The Public Works Center directed a sweet donation of about 120 pounds of raw honey to the local food pantry, Beyond Hunger, on Sept. 13. The honey came from the center’s two rooftop beehives. 

According to Forestry Superintendent Robert Sproule, the center donated its entire harvest to the pantry. One 6-ounce jar was given to each of 175 participating households. This is the second year the pantry received a honey donation from the center. Sproule estimates the retail value of this year’s donation to be around $1,500, not including jar costs. 

“Our clients were so delighted to receive that item,” said Teri Miller, Beyond Hunger’s development director. “Honey is a really expensive luxury item and if you are living on a really small income, you’re not going to spend $4 on honey when you can buy almost a pound of ground beef for $4.”  
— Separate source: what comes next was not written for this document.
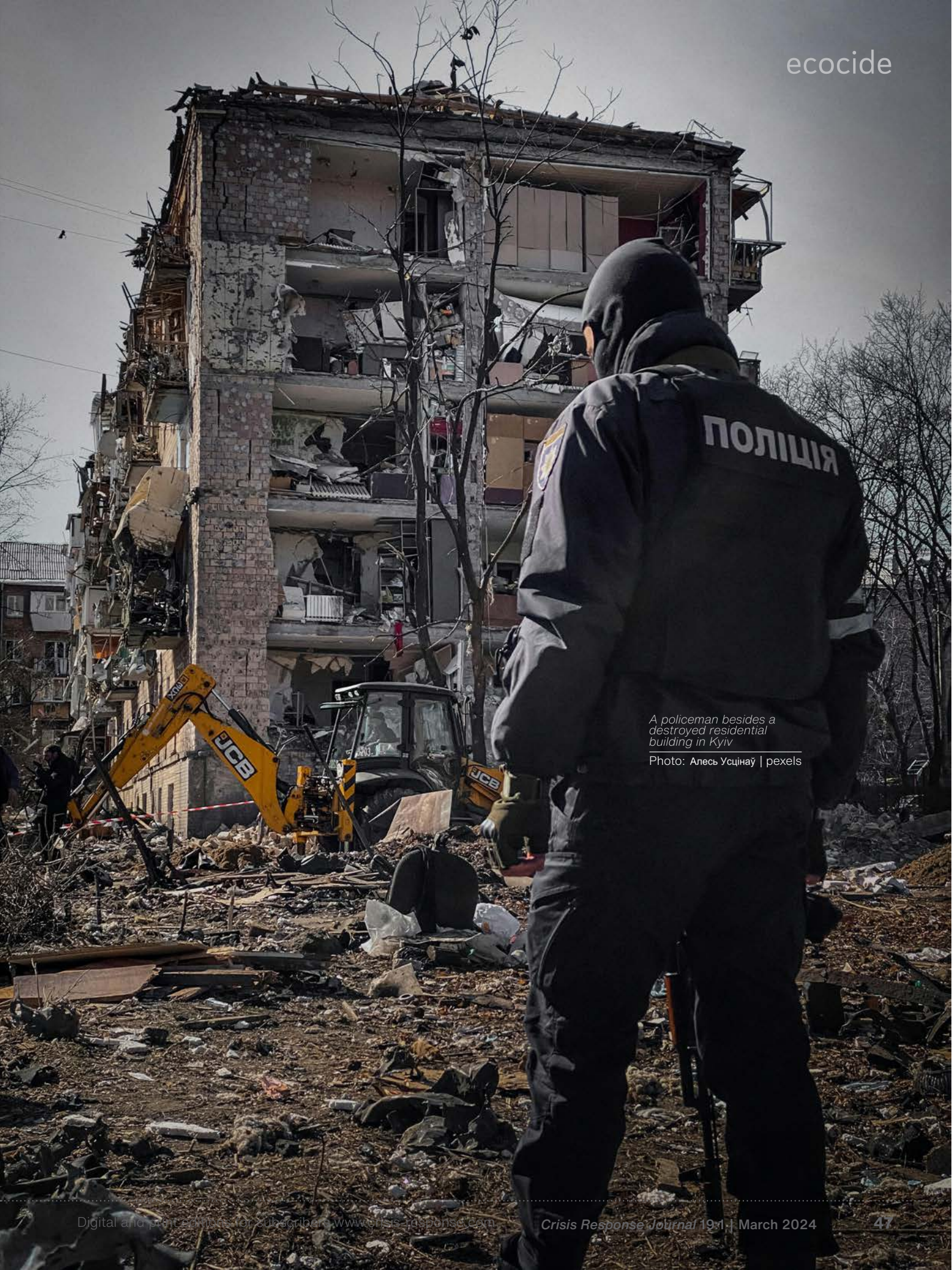
A policeman besides a destroyed residential building in Kyiv

Beyond Hunger’s registered dieticians explained to the recipients that the honey came from local bees and was gifted by the Public Works Center. The dieticians also described the nutritional benefits of honey and how to use it as a sugar substitute.

“You can imagine how happy they were to receive such a gift,” said Miller. 

The amount of honey the center’s bees produced this year exceeded the 120-pound donation, but the center only harvests a portion. “We left more than we took out of all the hives to make sure that they have enough stores,” said Sproule. During winter, bees subsist on the honey produced from the past summer.

 “This is the fourth season of having hives,” said Sproule. The village set up the hives to propagate the rapidly declining honeybee population. Honeybees pollinate more plants than any other insect or bee, making them an integral part of the ecosystem. Village Hall also has two rooftop beehives, established a couple of years after the two at the center.   

 Public Works uses The Hive, a Chicago-based beekeeping supply store, to extract and bottle the honey. The Hive also maintains the center’s apiary, ensuring the busy bees stay buzzing.